Esse é o canto do xoxtupnãg. Foi o espírito-povo-morcego (xunimxop) que tirou. É verdadeira essa história sobre os pés de sapucaia. Meu pai me mostrou quando eu era pequeno. Eu vi, e ele me ensinou esse canto. Ele passou pra mim. Esse canto é meu. Tudo isso aconteceu ali onde hoje é uma fazenda que fica bem pertinho de Batinga e Umburaninha, antes de chegar em Bertópolis, no estado de Minas Gerais, quase na fronteira com a Bahia.

Ao acompanharmos os mapas que foram elaborados sobre esses lugares, percebe-se o movimento de confinamento dos grupos tikmũ,ũn. O território, tal como é descrito por meio dos cantos e de narrativas, é outro, muito maior. De uma maneira geral, as narrativas falam de lugares ocupados por pessoas tikmũ,ũn, e contam que os brancos agiam com violência com relação a essa população, expulsando-a das suas localidades. Isso é reflexo do fato de que as terras tikmũ,ũn foram, ao longo do tempo, tratadas como lugar de negociação e fruto de barganha por parte de fazendeiros locais e posseiros que chegavam de diferentes partes do país. Os municípios da região surgiram a partir das negociatas de “amansadores de índios” com posseiros (cf. Nimuendaju, 1958; Paraíso, 1992).

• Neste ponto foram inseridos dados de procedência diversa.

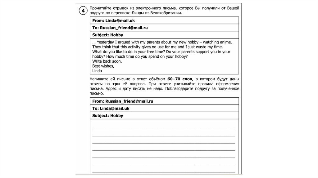 Пример написания письма:
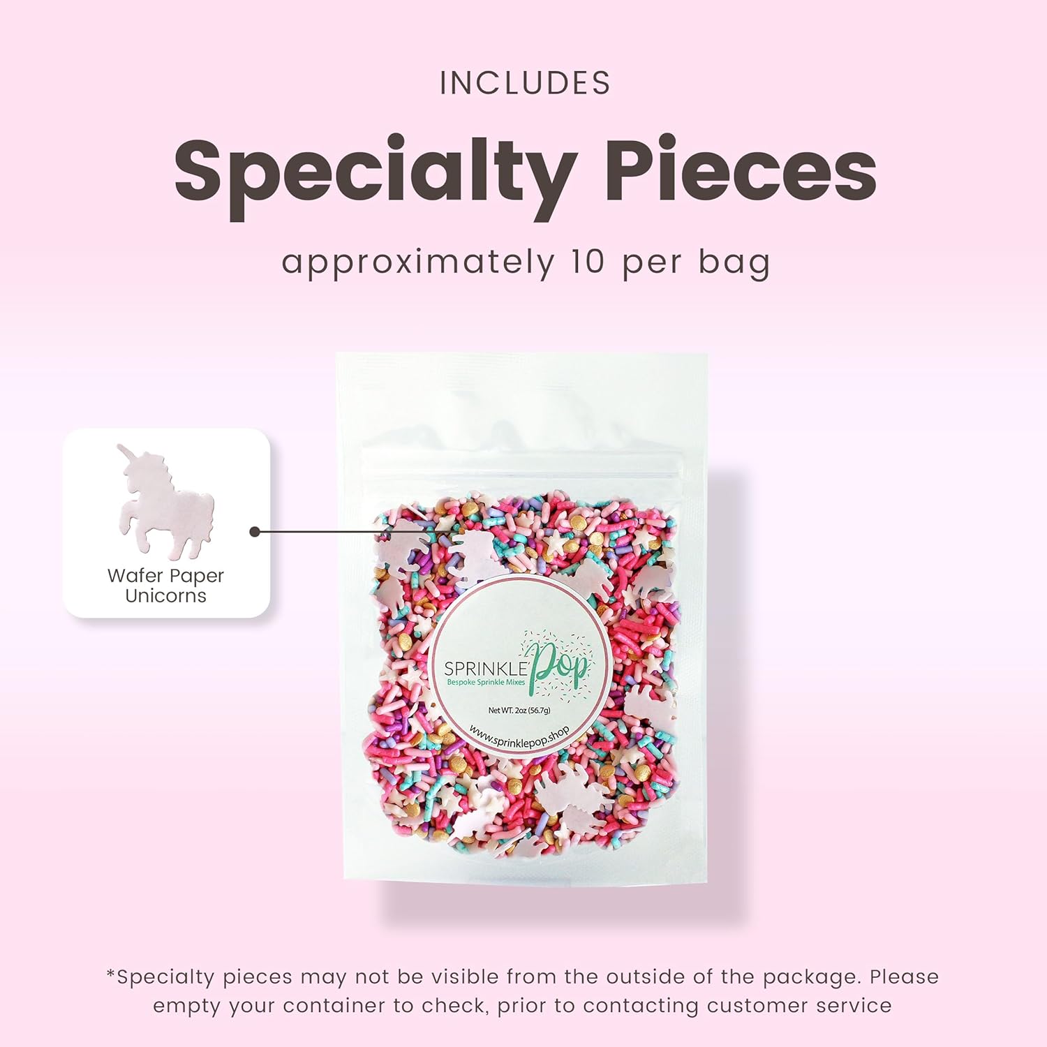 Sprinkle Pop Party Like A Unicorn Sprinkle Mix| Rainbow Sprinkles Heavy on Pink Gold Jimmies with ~10 Unicorn Wafer Papers| Birthday Sprinkles Made in USA for Decorating Cake Cupcakes Cookie, 2oz

Notamos, a partir do mapa elaborado, que praticamente todos os lugares de ocupação tradicional tikmũ,ũn estão nas proximidades dos atuais municípios que hoje estão no entorno da TI. As proximidades da beira do Umburanas e do córrego de Água Boa eram habitadas ainda por aldeias de indígenas botocudos. Diferentes pesquisadores tikmũ,ũn relataram-me histórias de conflitos e batalhas com esses povos nas proximidades do município de Machacalis, que dista apenas 35 quilômetros de Bertópolis. Aqui, novamente os ciclos de vingança e guerra são lembrados pelo grupo. Na época, o lugar onde hoje está o município de Machacalis era conhecido como povoado de Sebastião do Norte, ou Córrego do Norte. Para os Maxakali, a região é denominada de Puxap Hep (Lagoa dos Patos).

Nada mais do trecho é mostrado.